Не стесняя творческой индивидуального своего студента, мастер, конечно, и корректировал ее становление и развитие. Об этом можно узнать из любопытной книги Н. Волянской "На уроках режиссура С.А. Герасимова". Присутствуя на его занятиях как раз в той мастерской, где учился Николай, она скрупулезно фиксировала их ход.
Первый курс. Разрабатываются комедийные этюды. Губенко придумал срежиссировал такую вот сцену. Тюремная камера, в нее кубарем влетает растерзанный парень. В роли его Губенко. Он бешено мечется по камере, желая покончить жизнь самоубийством. Но, увы, его револьвер не стреляет, а веревка, на которой он хотел себя повесить, обрывается. Узник лихорадочно листает детективную книжку, откуда он почерпнул информацию, как можно расстаться с жизнью. Однако эта книжка его увлекает, свирепое выражение лица сменяется на глуповато-радостное. "Я хочу жить!" - заорал неудачливый самоубийца и бросился к двери. Из-за нее высунулась рука в боксерской перчатке. Прикоснувшись к ней, парень неожиданно упал замертво.
Не слишком веселая история. Губенко не раз проявлял склонность не столько к комедии в ее чистом виде, сколько к эксцентричной трагикомедии. Этот этюд дал хороший повод Герасимову высказать свои взгляды на эксцентрику. "Искусство обостренных форм должно иметь место в современном искусстве. Я, как убежденный реалист, в интересах своего художественного направления стремлюсь собрать в копилку все богатство мира. Так что в принципе я за эксцентрику. Но стоит ли вам сейчас в своих работах заниматься эксцентрикой? Я считаю, что рано".

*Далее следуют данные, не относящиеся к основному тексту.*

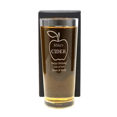Regalo Personalised Engraved Pint Glass Apple Cider Design (Cardboard Gift Box)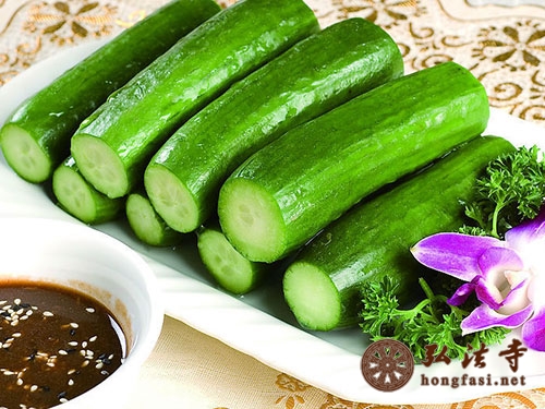 黄瓜500克,精盐、白糖、白醋各适量。先将黄瓜去籽洗净,切成薄片,精盐腌渍30分钟;用冷开水洗去黄瓜的部分咸味,水控干后,加精盐、糖、醋腌1小时即成。此菜肴酸甜可口,具有清热开胃,生津止渴的功效,适用于烦渴,口腻,脘痞等病症,暑天食之尤佳。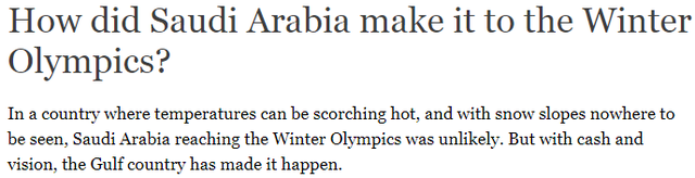 数十年来,冬奥会一直是“冬季运动国家”的独家秀场。如今情况发生了变化,在北京冬奥会上,沙特和海地这两个热带国家首次亮相。

Разбирая этюд Николая, мастер без обиняков сказал, что исполнителю не хватает умения владеть своим телом. Во внешнем рисунке роли преобладают "хаотичные, пестрые движения и нервозность..." И еще. "Чтобы было выразительнее, Губенко соединил трагический гротеск с клиникой"7. Ею же, подчеркивал Герасимов, увлекаться нельзя.
А вот на четвертом курсе, в связи с работой над образом Бориса Годунова (через несколько лет эта роль станет коронной в репертуаре Губенко в театре на Таганке) мастер посоветует "клиники прибавить". "Когда-то на первом курсе я запрещал тебе играть клинику, а теперь пора ее играть, ты уже достаточно для этого подготовлен. Не дай бог тебе испытать болезни в жизни, но ты должен знать, чем болел Борис и как он должен вести себя в последней сцене. У нас актеры обычно неизвестно от чего умирают на сцене. А все исследователи Толстого поражаются, как точно исследовал Толстой смерть от рака в "Смерти Ивана Ильича". Борис Годунов умер от грудной жабы. Поэтому тебе все время не должно хватать дыхания"8. И в этих советах Герасимов оставался "убежденным реалистом", но широкого плана. Сказать в то время о необходимости "прибавить клиники" мог позволить себе лишь весьма авторитетный, независимо мыслящий мастер.